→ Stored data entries

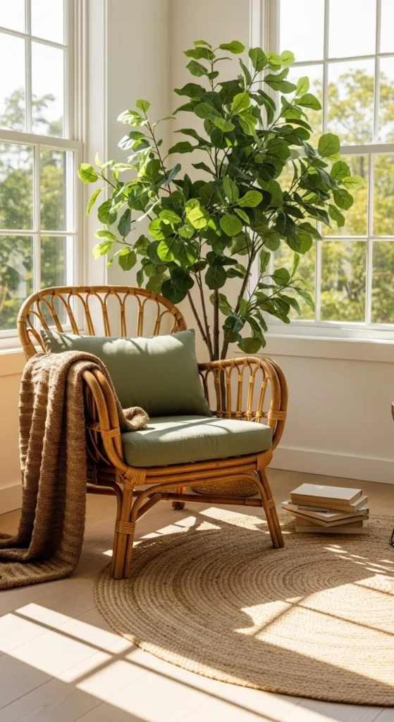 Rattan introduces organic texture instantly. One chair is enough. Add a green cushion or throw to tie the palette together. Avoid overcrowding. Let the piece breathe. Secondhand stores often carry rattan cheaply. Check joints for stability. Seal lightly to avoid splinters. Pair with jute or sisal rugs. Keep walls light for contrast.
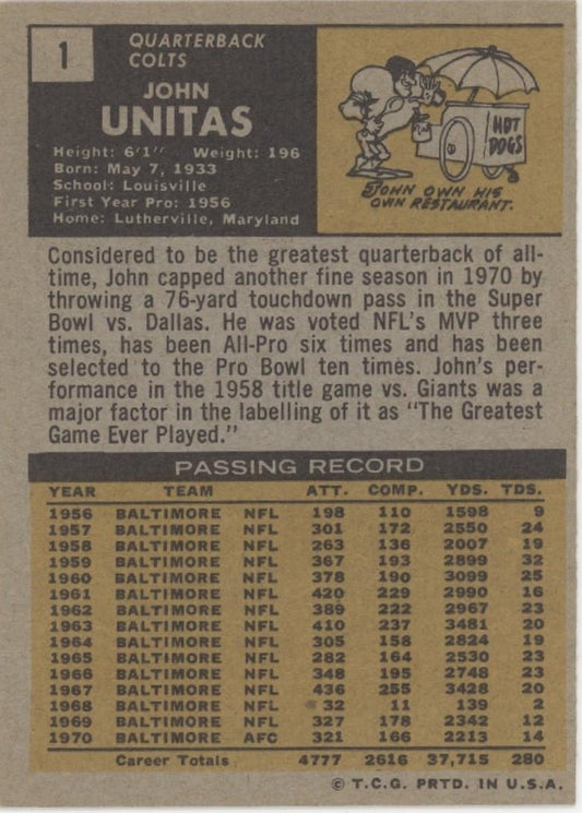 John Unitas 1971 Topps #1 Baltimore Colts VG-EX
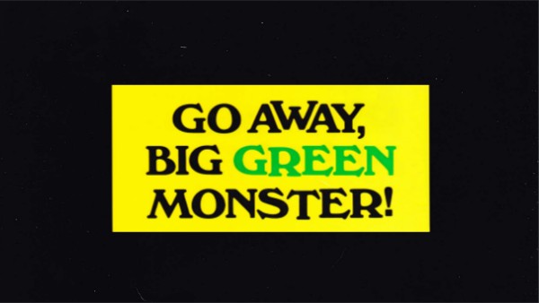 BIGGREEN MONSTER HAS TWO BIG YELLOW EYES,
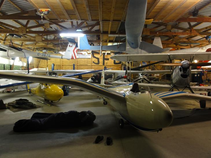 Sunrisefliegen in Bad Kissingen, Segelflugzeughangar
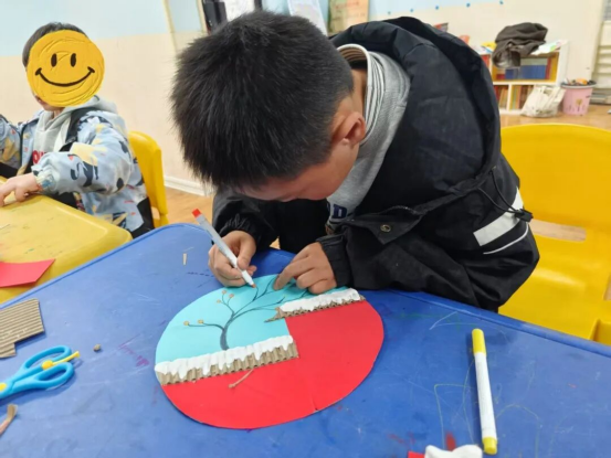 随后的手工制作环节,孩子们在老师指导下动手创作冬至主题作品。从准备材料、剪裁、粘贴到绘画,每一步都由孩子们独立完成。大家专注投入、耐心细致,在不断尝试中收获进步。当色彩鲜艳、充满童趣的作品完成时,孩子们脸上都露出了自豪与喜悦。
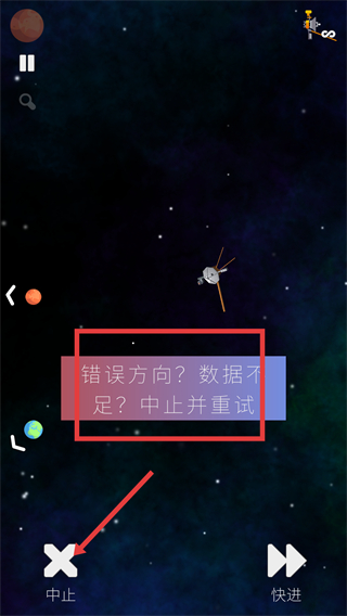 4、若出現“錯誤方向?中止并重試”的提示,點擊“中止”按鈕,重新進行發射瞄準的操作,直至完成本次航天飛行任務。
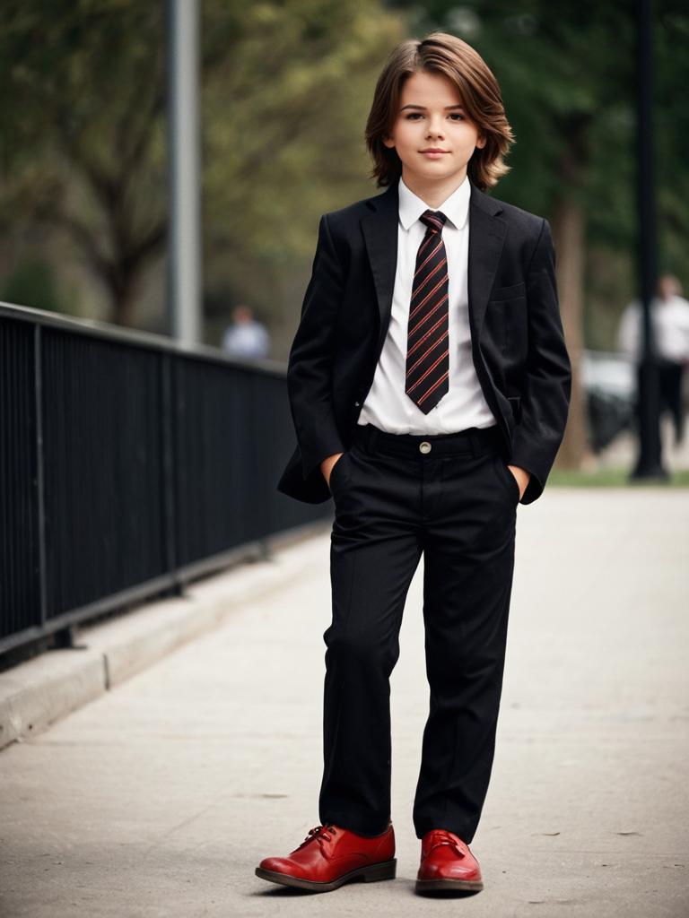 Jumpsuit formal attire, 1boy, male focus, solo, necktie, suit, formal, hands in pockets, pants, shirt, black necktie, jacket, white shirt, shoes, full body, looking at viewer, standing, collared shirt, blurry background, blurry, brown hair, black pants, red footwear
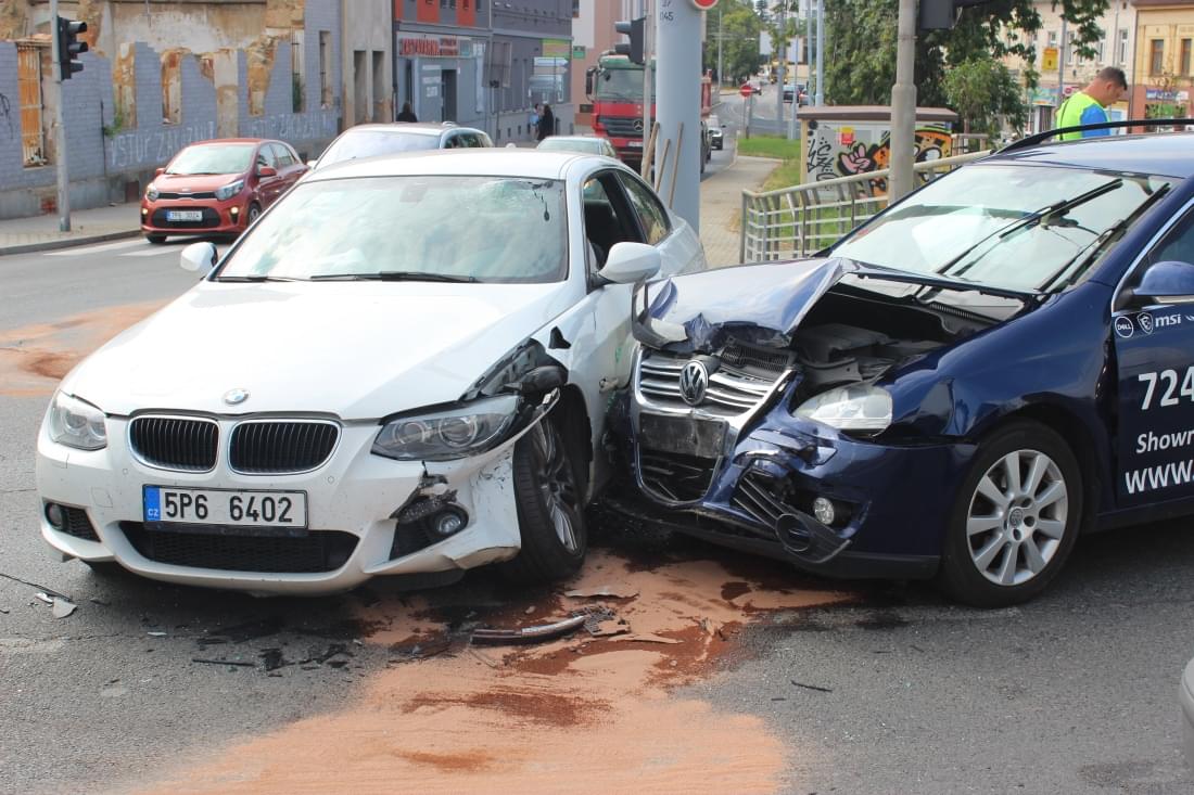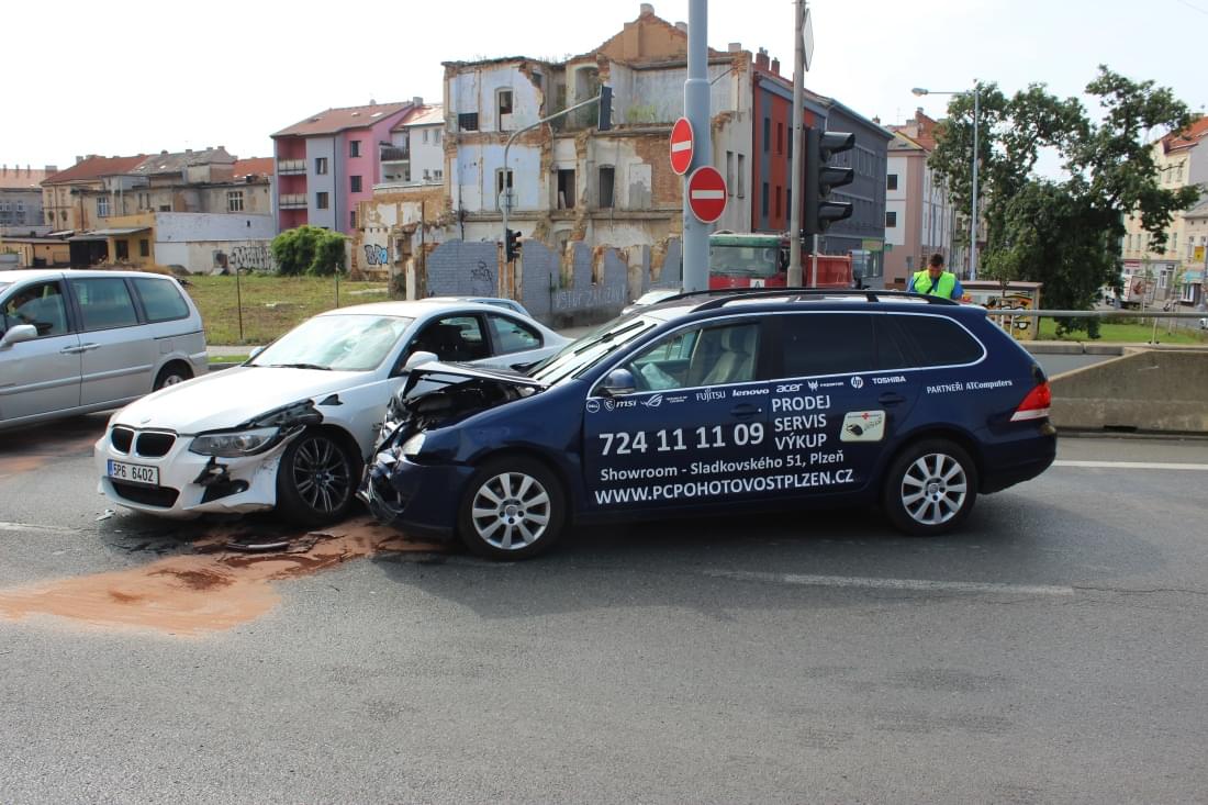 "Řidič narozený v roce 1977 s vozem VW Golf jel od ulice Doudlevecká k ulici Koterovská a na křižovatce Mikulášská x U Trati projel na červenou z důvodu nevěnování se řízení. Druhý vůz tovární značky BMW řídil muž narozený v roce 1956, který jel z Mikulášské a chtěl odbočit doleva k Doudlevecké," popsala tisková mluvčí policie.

→ Work instructions
Restate the entries above word for word, minus the pictures.

→ Output for this exercise
 Rattan introduces organic texture instantly. One chair is enough. Add a green cushion or throw to tie the palette together. Avoid overcrowding. Let the piece breathe. Secondhand stores often carry rattan cheaply. Check joints for stability. Seal lightly to avoid splinters. Pair with jute or sisal rugs. Keep walls light for contrast.
 John Unitas 1971 Topps #1 Baltimore Colts VG-EX
 BIGGREEN MONSTER HAS TWO BIG YELLOW EYES,
 Sunrisefliegen in Bad Kissingen, Segelflugzeughangar
 随后的手工制作环节,孩子们在老师指导下动手创作冬至主题作品。从准备材料、剪裁、粘贴到绘画,每一步都由孩子们独立完成。大家专注投入、耐心细致,在不断尝试中收获进步。当色彩鲜艳、充满童趣的作品完成时,孩子们脸上都露出了自豪与喜悦。
 4、若出現“錯誤方向?中止并重試”的提示,點擊“中止”按鈕,重新進行發射瞄準的操作,直至完成本次航天飛行任務。
 Jumpsuit formal attire, 1boy, male focus, solo, necktie, suit, formal, hands in pockets, pants, shirt, black necktie, jacket, white shirt, shoes, full body, looking at viewer, standing, collared shirt, blurry background, blurry, brown hair, black pants, red footwear
 "Řidič narozený v roce 1977 s vozem VW Golf jel od ulice Doudlevecká k ulici Koterovská a na křižovatce Mikulášská x U Trati projel na červenou z důvodu nevěnování se řízení. Druhý vůz tovární značky BMW řídil muž narozený v roce 1956, který jel z Mikulášské a chtěl odbočit doleva k Doudlevecké," popsala tisková mluvčí policie.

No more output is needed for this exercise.